Small-business enrollment on new insurance marketplaces set up under the president’s health-care law has fallen well short of the administration’s expectations, according to government report released Thursday.
The Government Accountability Office examined enrollment totals for the online small-business exchanges, commonly called SHOP exchanges, in states that built their own health insurance portals. Most states defaulted to a federally operated small-business marketplace – a complementary site to the more widely known individual exchange. Both exchanges are slated to relaunch this weekend.
During the first eight months, fewer than 12,000 small businesses signed up for plans through exchanges in the 18 states that built their own marketplaces, GAO found. Collectively, those companies enrolled about 78,000 workers.
While the Obama administration did not set SHOP-specific goals, the federal watchdog said that number was “significantly lower than expected.”
GAO officials noted that enrollment figures for the federally operated small-business exchange won’t be available until next year from the Centers for Medicare and Medicaid Services. However, CMS officials don’t expect the enrollment rates on the federal site to be much different than those on the state exchanges, according to the GAO report.
“Obamacare’s SHOPs have been fraught with errors and high costs from the very beginning,” Rep. Sam Graves (R-Mo.), who chairs the House Small Business Committee and requested the GAO report, said in a statement.
Although the focus thus far has been on enrolling previously uninsured individuals, helping more small companies find more-affordable coverage was a central objective of the health law. However, while the administration rushed to fix problems with the federally operated individual marketplace, repairing the glitch-ridden employer marketplace was pushed back a year.

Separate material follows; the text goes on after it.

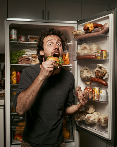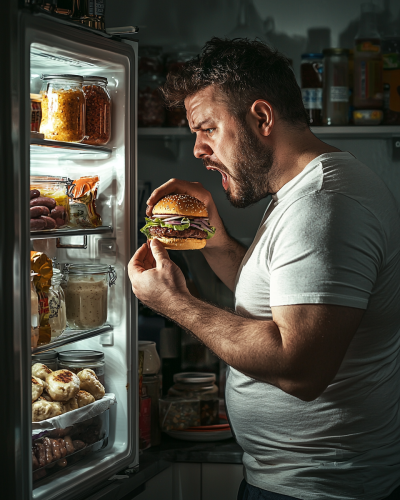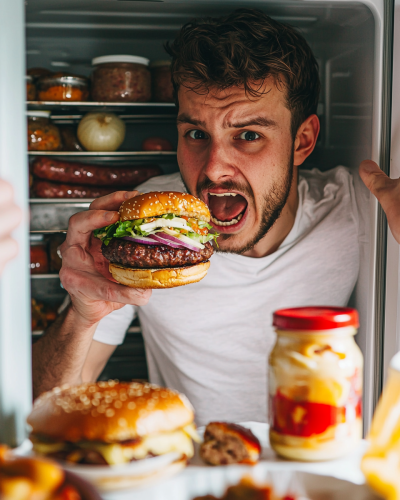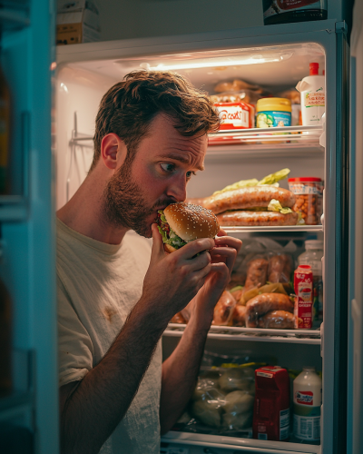 real-life close-up photo of a man half-biting into a hamburger, leaning into an open fridge packed with colorful food, taken from the side at a 45-degree angle, fridge’s bright internal light illuminating the scene with natural, neutral lighting, no filters, shot with a Canon EOS-1D X Mark III, 50mm f/1.4 lens, realistic colors and textures --ar 3:4 --style raw --quality 2

Small businesses in states using that exchange could still apply for SHOP plans, but they have had to do so through brokers and paper applications – hardly the online shopping experience that was supposed to resemble Orbitz or Priceline. Consequently, while the individual exchange exceeded its first-year enrollment goal, with roughly 7.3 million sign-ups, small business enrollment has lagged.
It isn’t just the federal government’s small-business site that has had problems. Only some states managed to set up an online shopping portal during the first year, and in many cases, key features were not available. Interest from insurers also varied widely, with some small-business exchanges listing only a handful of plans.
In Maryland, for instance, health officials delayed and eventually nixed their plans to build an online employer marketplace, turning the process over to broker groups. It could be another year until the site is up and running.
In Washington state, the small-business exchange is available only in two rural counties, because too few insurers signed up to sell plans. Only 11 companies with about 40 employees purchased plans in the past year.
Insurers have said early enrollment in existing plans, which do not have to comply with new minimum coverage standards in the law, has also depressed interest in new plans offered through the SHOP exchanges.
Additionally, the GAO pointed out that tax credits available through the small-business marketplace were supposed to be one of the main draws. However, officials say that “the credit may be too small and administratively complex to motivate many employers to enroll.”
The federally run individual and small-business marketplaces are scheduled to relaunch on Saturday, giving employers in many states their first look at the online shopping experience they were expecting last October. However, the White House has already pulled back on its second-year enrollment target for both exchanges, projecting about 9 million sign-ups, down from an original estimate of 13 million.